# Biopython - Blast

### Introduction: BLAST and its importance in bioinformatics

- **Sequence Identification**: Identifies unknown DNA/protein sequences.
- **Phylogenetic Analysis**: Studies evolutionary relationships.
- **Functional Annotation**: Predicts protein functions.
- **Efficiency and Speed**: Analyses large datasets quickly.

NCBI BLAST Output:
- Formats: XML, XML2, JSON, HTML, Text, Tabular.
- Access: NCBI website or via command line tools.
- **Usage: quick online searches and manual inspection**.

Biopython BLAST Output:
- Formats: no HTML or Text parsing.
- Access: Via `Bio.Blast` module for online searches or local BLAST+ tools.
- **Usage: Ideal for automated processing and integration into Python workflows**.


### Biopython - JSON Format

An useful output format is JSON. When declaring `format_type="JSON2"`, `qblast` will return a zipped JSON format.

**Benefits of JSON Format for BLAST Results**:

- **Easy Access**: Quick access to specific data.
- **Data Manipulation**: Filter and transform data easily.
- **Integration**: Works well with other Python libraries.
- **Automation**: Simplifies repetitive tasks.
- **Storage**: Convenient for saving and retrieving results.

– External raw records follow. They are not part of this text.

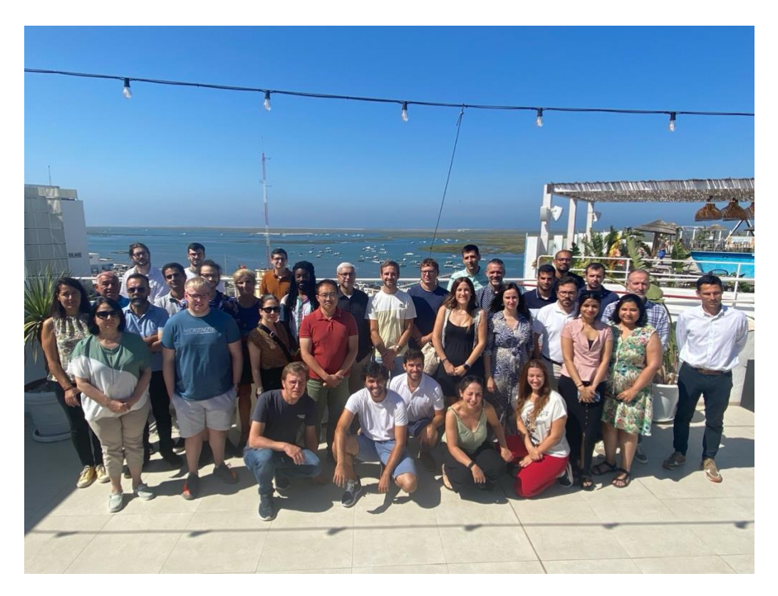
The microalgae researchers, agricultural producers and technology experts of the REALM project at their first project meeting at the beginning of July in Faro.
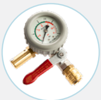
SINGLE FITTING CONTROLLER, 2.5 bar (36 psi) 60310 1.5 bar (22 psi) 74609 1.0 bar (15 psi) 74653
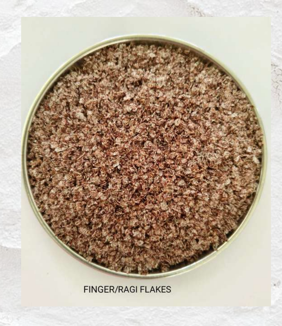
Finger Millet Flakes

### BLAST Locally - BLAST+

**Advantages**:
1. **Speed**: May be faster.
2. **Custom Databases**: Allows use of your own database.
3. **Privacy**: Use BLAST without redistributing proprietary or unpublished sequence data.

**Drawbacks**:
1. **Installation**: Requires command line tools for installation.
2. **Setup**: Requires BLAST database to be set up.

--
```python
# this code requires BLAST to be installed locally
import subprocess
cmd = "blastn -query Sample.fasta -db nt -out Sample.xml"
cmd += " -evalue 0.001 -outfmt 5"
subprocess.run(cmd, shell=True)
```
--

### Biopython - BLAST Over the Internet
We use the function `qblast` in the `Bio.Blast` module to call the online version of BLAST.

NCBI BLAST Usage Guidelines:

- **Server Contact Frequency**: Max once every 10 seconds.
- **RID Polling**: Max once per minute.
- **Identification**: Use email and tool URL parameters.
- **High-Volume Searches**: Run scripts weekends or 9 pm-5 am ET.

Important Arguments:

1. **Program**: BLAST program to use (e.g., blastn, blastp).
2. **Database**: BLAST database to search against (e.g., nr, nt).
3. **Sequence**: Sequence or FASTA file.
4. **Optional**: format_type (XML, HTML, Text, XML2, JSON2, Tabular).

--
```python
## Example run: perform BLAST using the GI number of the query sequence
from Bio import Blast
result_stream = Blast.qblast("blastn", "nt", "8332116")
```
--

```python
## Example run: perform BLAST Using a Fasta file
```

In [None]:
from Bio import Blast

## Read the FASTA file
with open("Sample2.fasta") as txt:
    our_fasta = txt.read()

## Perform BLAST search
result_stream = Blast.qblast("blastn", "nt", our_fasta)

## Format result as FASTA (no metadata, ideal for quick inspection)
# result_stream = Blast.qblast("blastn", "nt", format(SeqRecord, "fasta"))

## format result as XML (with metadata, useful for in-depth analysis)
with open("my_blast.xml", "wb") as out_stream:
    out_stream.write(result_stream.read())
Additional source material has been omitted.